执行声音处理的一个方法是通过利用隐藏马尔可夫模型(HMM)。本领域所公知的HMM是由声音状态的一个马尔可夫链所构成的随机有限状态自动控制。这些状态模拟语音的瞬时结构，即，该状态如何随时间而变化。用于每个这些状态的概率函数、模拟发射和声音矢量的观察由HMM所表示。One way to perform sound processing is by utilizing Hidden Markov Models (HMMs). The HMM known in the art is a stochastic finite state automatic control composed of a Markov chain of sound states. These states model the temporal structure of speech, ie, how this state changes over time. The probability functions for each of these states, the observations of simulated emissions and sound vectors, are represented by HMMs.

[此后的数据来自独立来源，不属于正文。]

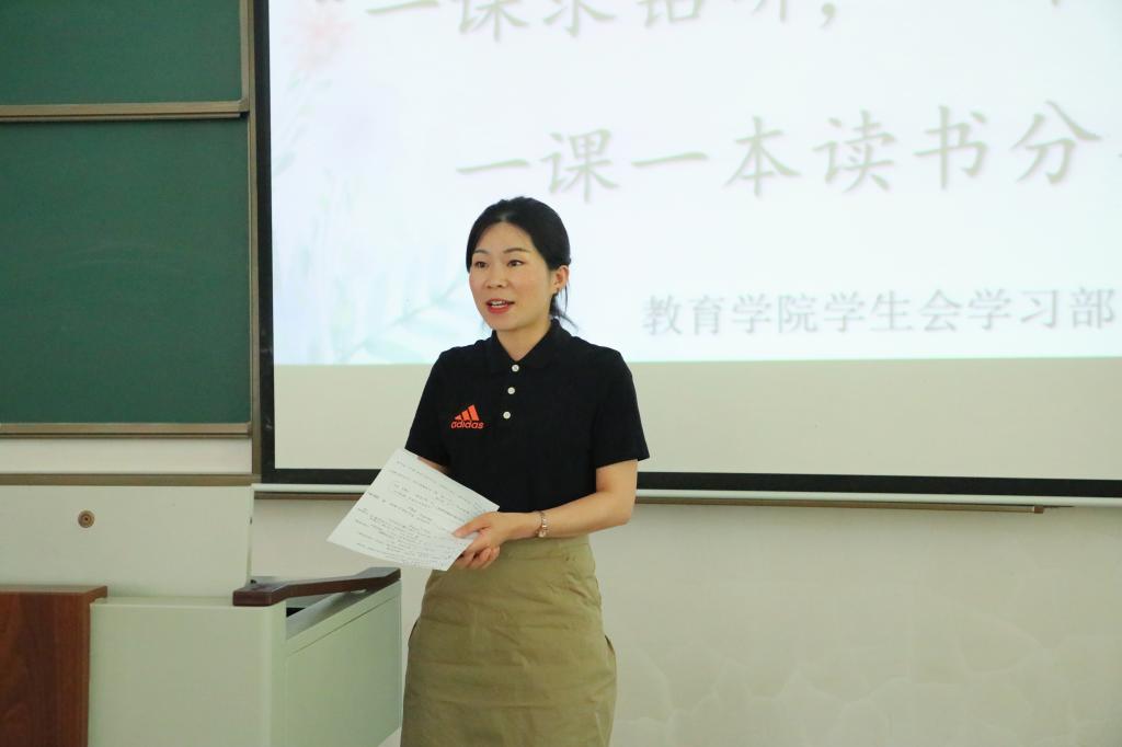徐瑞老师在讲话中指出,学院的读书分享汇活动是必要且有效的,希望同学们能树立终身学习意识、培养终身学习能力、实现终身受教育,通过学一门课读一本书,学原文读原著悟原理,为未来的人生发展打下良好基础。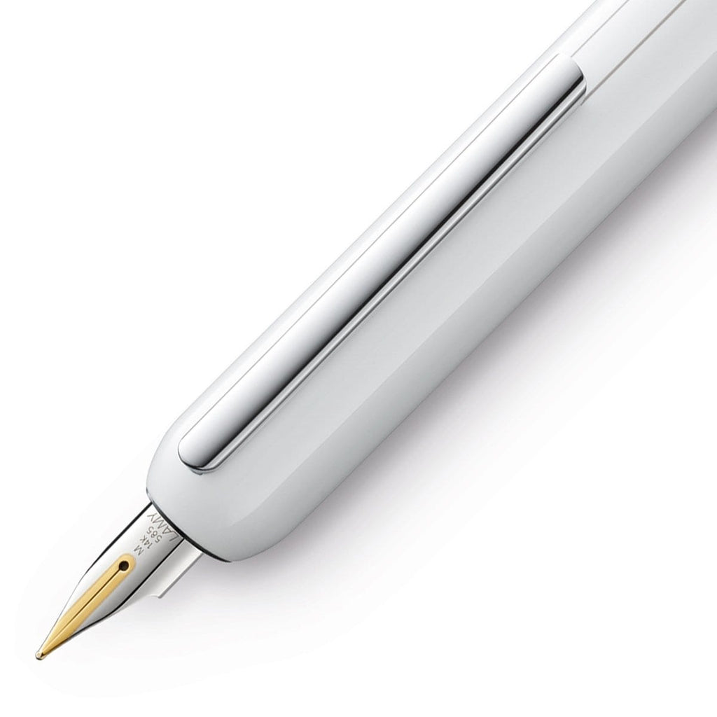 Die weiße Farbe, silberne Zierelemente und eine 14 Karat Goldfeder sind Hauptmerkmale des Lamy Dialog Füllhalters.

一旦一个HMM被用于表示该语音特征，则一个搜索空间被确定，并且可以在一个声音模型内对以前形成的HMM进行搜索。该HMM可以在一个客户机设备的训练阶段过程中形成，该训练阶段可能在一个人第一次使用该客户机设备340时出现。例如，当一个人购买一个移动电话时，该电话可以具有一个这样的按键，当该按键被按下时可以把该电话置于训练模型。在该模型的过程中，该人可能被要求说出字、音素或者其他出现在屏幕上的音标单元。然后该移动电话可以捕获由该用户所产生的声音，并且通过图3的功能块322-326来运行它，以提取与该声音相关的特征并且形成一个HMM。在该训练阶段过程中，由于客户机设备340确切地已知该声音所表达的字，因此它可以存储两块信息(所读出的字及其提取的特征)，并且创建对该移动电话的用户个性化的声音模型。Once an HMM is used to represent the speech features, a search space is determined and a search of previously formed HMMs can be performed within an acoustic model. The HMM may be formed during a client device's training phase, which may occur when a person uses the client device 340 for the first time. For example, when a person buys a mobile phone, the phone may have a key that, when pressed, puts the phone into a training model. During the modeling process, the person may be asked to speak words, phonemes, or other phonetic units that appear on the screen. The mobile phone can then capture the sound produced by the user and run it through the functional blocks 322-326 of FIG. 3 to extract features related to the sound and form an HMM. During this training phase, since the client device 340 knows exactly what word the voice represents, it can store two pieces of information (the spoken word and its extracted features) and create a User personalized sound models.

通过创建一个个性化的声音音标模型，该移动电话可以利用一个SD声音模型，其具有比SI声音模型好2-3倍的WER。By creating a personalized sound phonetic model, the mobile phone can utilize an SD sound model with a WER 2-3 times better than the SI sound model.

在功能块334中，配置一个优化处理。可以使用任何知识来源来对所说的字进行判断。例如，由客户机设备的用户所训练的单个音素的声音音标模型可以被单独使用或者与其他知识来源相结合使用，该知识来源例如为发音词典。但是，如果该用户不是实际使用该客户机设备的人，则实际使用该设备的人应当训练该设备，因为这是该人的语音特征，这会导致更加精确的识别处理。In functional block 334, an optimization process is configured. Any source of knowledge may be used to make judgments about the spoken word. For example, phonetic phonetic models of individual phonemes trained by users of client devices may be used alone or in combination with other sources of knowledge, such as pronunciation dictionaries. However, if the user is not the person who actually uses the client device, the person who actually uses the device should train the device, since this is the person's speech characteristics, which will result in a more accurate recognition process.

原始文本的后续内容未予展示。